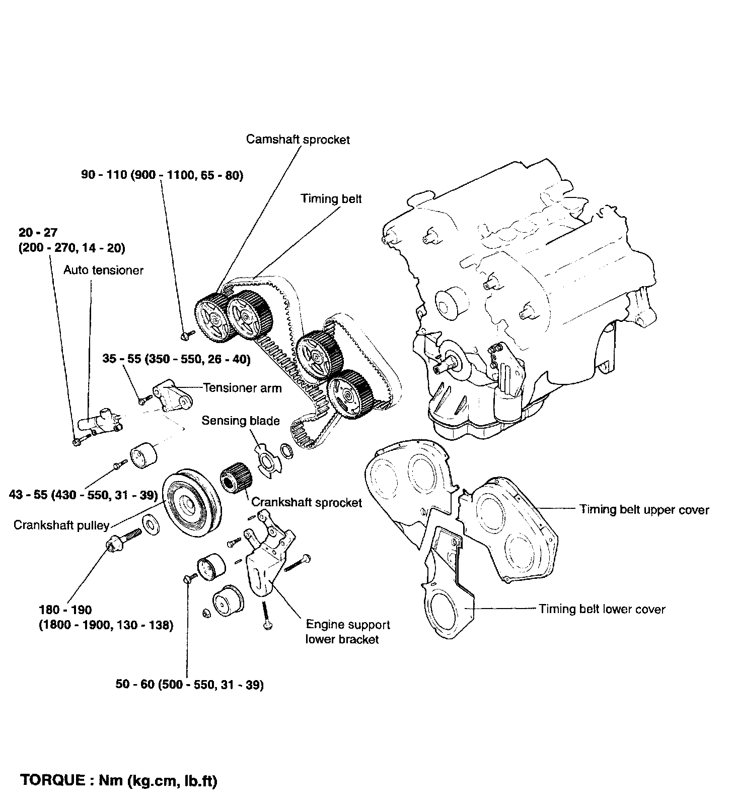 NOTE: When re-using timing belt, make sure of marking the rotating direction on the belt so as to install correctly.
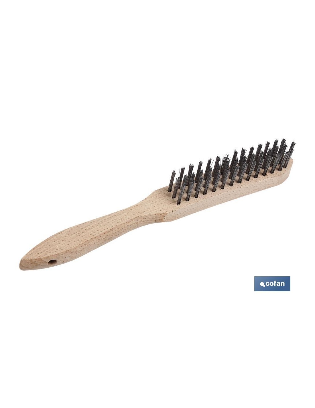 Cepillos de soldadura en acero con mango de madera. Cuenta con 3, 4, 5 o 6 filas de alambres en los cepillos.Cepillo manual soldador hecho con varias filas o hileras en acero al carbono Ø 0,35 mm, con mechones insertados en un mango de madera.Útil para la limpieza ligera de manchas y suciedad dura de superficies de metal y piedra.Eliminación de corrosión, óxidos, pinturas y adherencias desde superficies planas. Limpieza de soldaduras y limpieza manual en general.
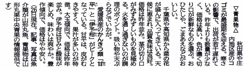 市場情報 7月10日掲載分 山形新聞 山形市公設卸売市場 市場情報 『山形新聞』2024.7.10 朝刊 市場情報より青果物 抜粋 ▼山形新聞は、山形県内をはじめ、国内外の政治、経済、社会、スポーツなど最新の...
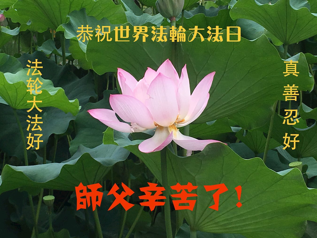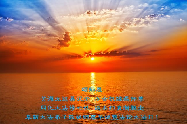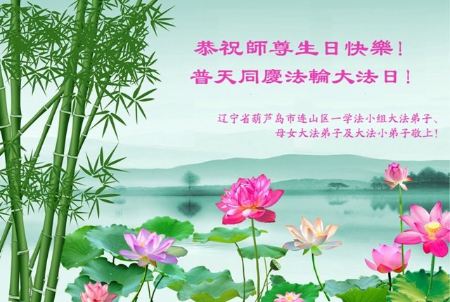 感恩师尊把弟子从迷茫和黑暗领向光明和修炼之路,弟子叩谢师尊! 辽宁省葫芦岛连山区一学法小组大法弟子恭祝师尊生日快乐!普天同庆法轮大法日!
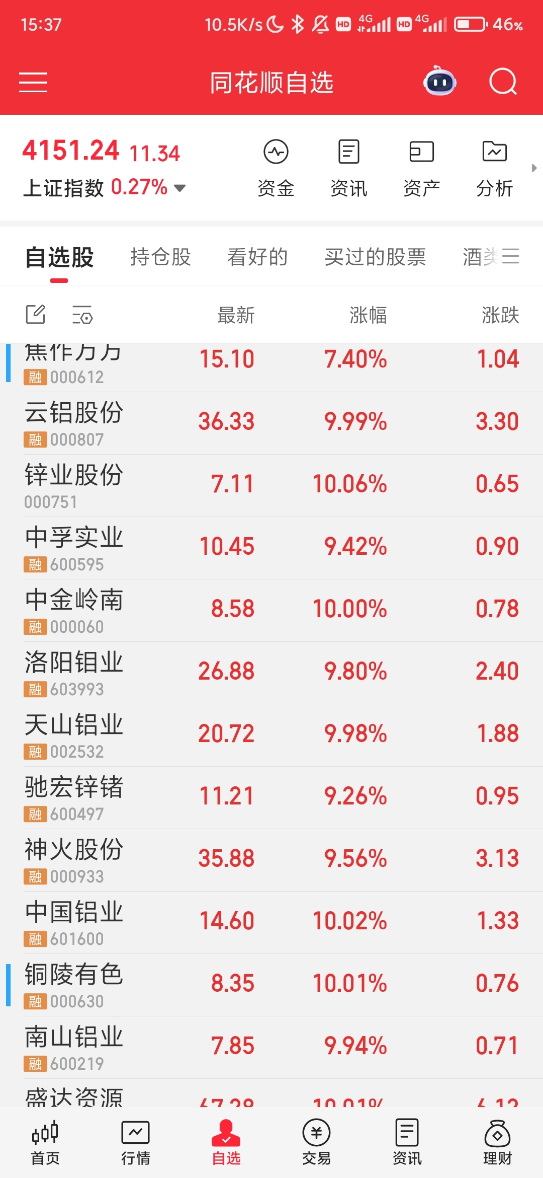 前面就说了,买南铝,天山,洛阳钼业,焦作就是杂毛,本来今天按到水下的,被中铝,南
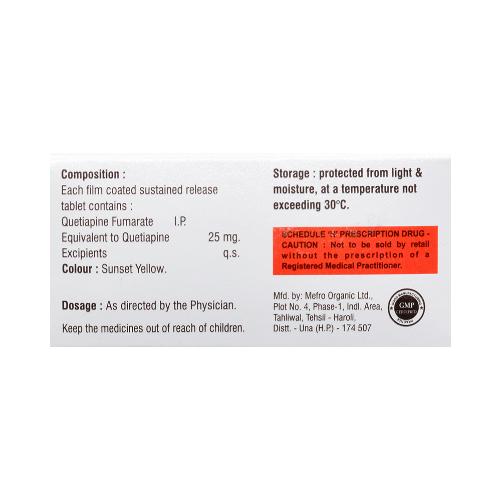 Qutiset 25 Tablet SR is used in the treatment of schizophrenia (a mental disorder that can result in hallucinations or delusions and also adversely affects a person’s ability to think and behave) and mania. It is also used to treat bipolar disorders. Qutiset 25 Tablet SR may be taken with or without food. However, it is advised to take it at the same time each day as this helps to maintain a consistent level of medicine in the body. Take this in the dose and duration as advised by your doctor and if you have missed a dose, take it as soon as you remember. It is important that this medication is not stopped suddenly without talking to your doctor as it may worsen your symptoms. However, discontinue this medicine immediately if you experience Neuroleptic malignant syndrome (NMS), characterized by fever, muscle rigidity, and altered consciousness or seizures.Some common side effects of this medicine include decreased hemoglobin levels in the blood, increased triglycerides level in blood, decreased cholesterol level in blood, headache, extrapyramidal symptoms, dry mouth, and withdrawal symptoms. Initially, this medicine may cause a sudden drop in blood pressure when you change positions, so it is better to rise slowly if you have been sitting or lying down. It also causes dizziness and sleepiness, so do not drive or do anything that requires mental focus until you know how this medicine affects you. This medicine may increase your weight but, modifying your lifestyle by having a healthy diet and exercising regularly can reduce this side effect.You should be cautious while using this medicine as it may increase the risk of developing diabetes, so it is better to monitor glucose regularly. Inform your doctor if you develop any unusual changes in mood or behavior, new or worsening depression, or suicidal thoughts while taking this medicine.
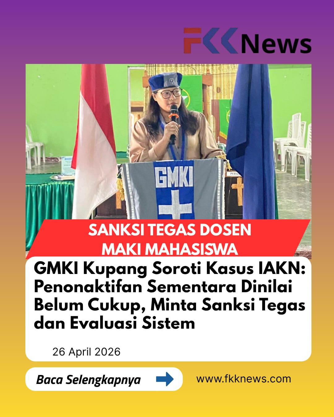 Kupang, FKKNews.com – Gerakan Mahasiswa Kristen Indonesia (GMKI) Cabang Kupang menilai langkah Institut Agama Kristen Negeri (IAKN) Kupang yang menonaktifkan sementara dosen berinisial JS sebagai respons awal yang patut diapresiasi. Namun, keputusan tersebut dianggap belum cukup untuk menjawab rasa keadilan publik dan memulihkan marwah akademik secara menyeluruh.
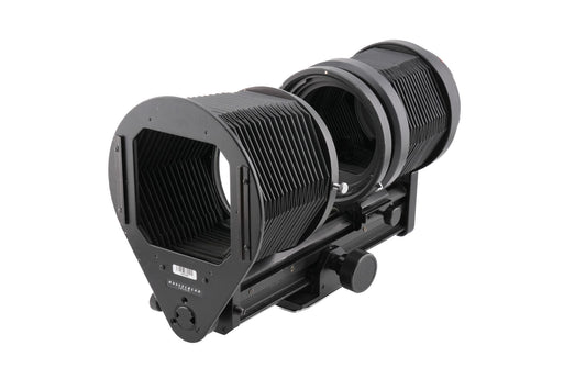 Automatic bellows extension for the Hasselblad V system cameras introduced in 1979 by Hasselblad. An updated design that no longer needed the double cable release. It uses a telescoping tube to connect the body to the lens through the bellows unit. Metal body available in black.
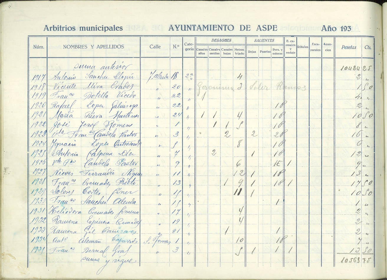Padrón de personas sujetas al pago de arbitrios municipales, 1936
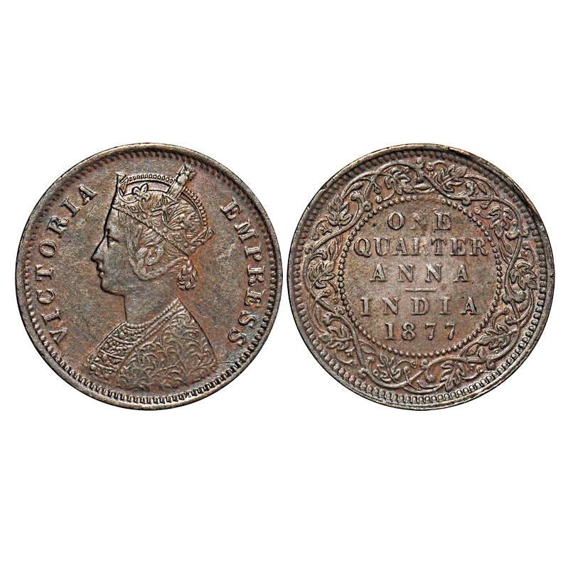 Victoria empress, Copper, Quarter Anna, 1877, Bombay Mint, B/I, No mint mark. F. Prid 637. GK 828. Extremely Fine+. Very Scarce.

Problem description: All that is wanted is the lines from the one holding "Kupang, FKKNews.com –" through the end of the material, duplicated exactly, with no pictures.

Output for this exercise:
 Kupang, FKKNews.com – Gerakan Mahasiswa Kristen Indonesia (GMKI) Cabang Kupang menilai langkah Institut Agama Kristen Negeri (IAKN) Kupang yang menonaktifkan sementara dosen berinisial JS sebagai respons awal yang patut diapresiasi. Namun, keputusan tersebut dianggap belum cukup untuk menjawab rasa keadilan publik dan memulihkan marwah akademik secara menyeluruh.
 Automatic bellows extension for the Hasselblad V system cameras introduced in 1979 by Hasselblad. An updated design that no longer needed the double cable release. It uses a telescoping tube to connect the body to the lens through the bellows unit. Metal body available in black.
Padrón de personas sujetas al pago de arbitrios municipales, 1936
 Victoria empress, Copper, Quarter Anna, 1877, Bombay Mint, B/I, No mint mark. F. Prid 637. GK 828. Extremely Fine+. Very Scarce.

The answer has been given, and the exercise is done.